Recently my parish has been blessed by God with growth. I believe that one of the things that has contributed to this has been simplifying the service.
When I arrived the liturgical state of the parish was the same as when I had left four or five years earlier. It was a typical APA "missal" parish, meaning of course that the 1928 Prayer Book liturgy was supplemented by all sorts of additional devotions and responses from the missal. That, along with six hymns, service music, announcements, a sermon, and the "three year lectionary" made for a very long and (for newcomers) confusing service. While that service may work well in some places it just did not seem to be doing anything for us here.
So I decided to do something radical: we went to a straight 1928 Prayer Book Service. Additionally, I took out the sermon hymn, a practice I began in Virginia which saves about five minutes from the service. I also brutally suppressed the long rambling list of "Mass Intentions" before the Prayer for the Church. All of this has made the service much easier to follow and a lot less intimidating for visitors. (In my opinion it is much more aesthetically pleasing as well, although I am something of a minimalist in my artistic tastes.)
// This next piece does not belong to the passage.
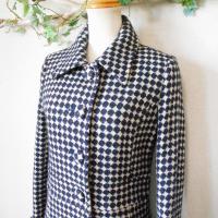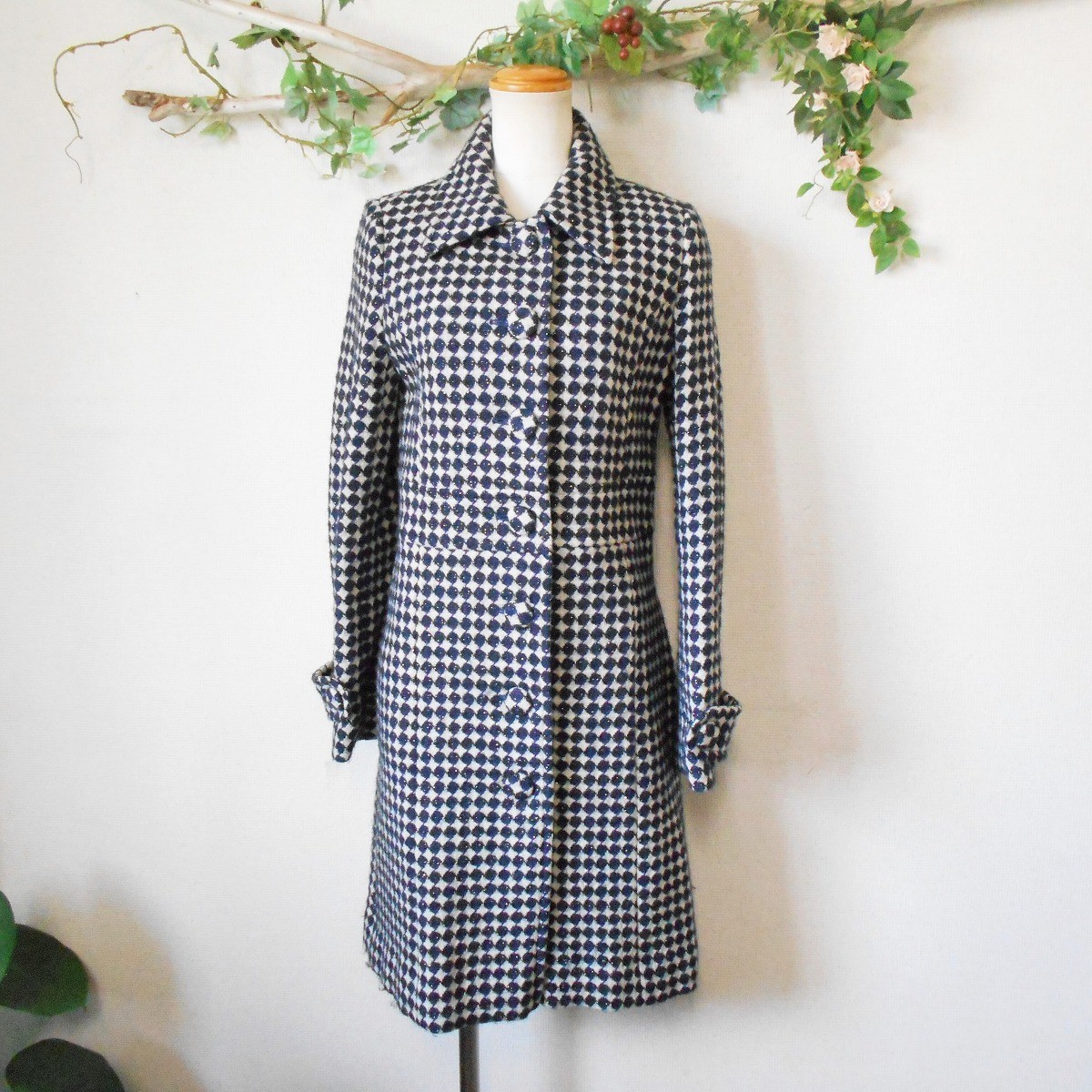 【ポイント】Realのレディース用コートになります。お色は薄いベージュ系のベースカラーで、紺色の水玉風の柄が全体に入っています。全体に金ラメも入っていて、とってもお洒落な一着です。

It is now very easy to just give a newcomer the Prayer Book and tell him: "Put your finger here for the scripture readings, and here for the service." Often they do fine the very first time they visit, and most of the time, happily, they stay, or at least visit on a regular basis. No longer do they have to bounce between three books, or listen to a long, confusing explanation of how we are 1928 BCP parish that for some reason has all of this stuff in the service not found in the liturgy. And no longer are there those awful "service booklets" in the pews, which invariably look terrible, and are usually nothing more than monuments to a priest's idiosyncrasies.
I believe that making the liturgy more accessible in this way has helped make people feel more welcome and at ease in church. The Prayer Book liturgy is daunting for those who are new to it. We clergy sometimes forget this because we are so used to it. We err in my judgement, and reduce our effectiveness and outreach, when we take this beautiful, but very prolix liturgy, and add a lot of extra stuff to it.... stuff that is really unnecessary.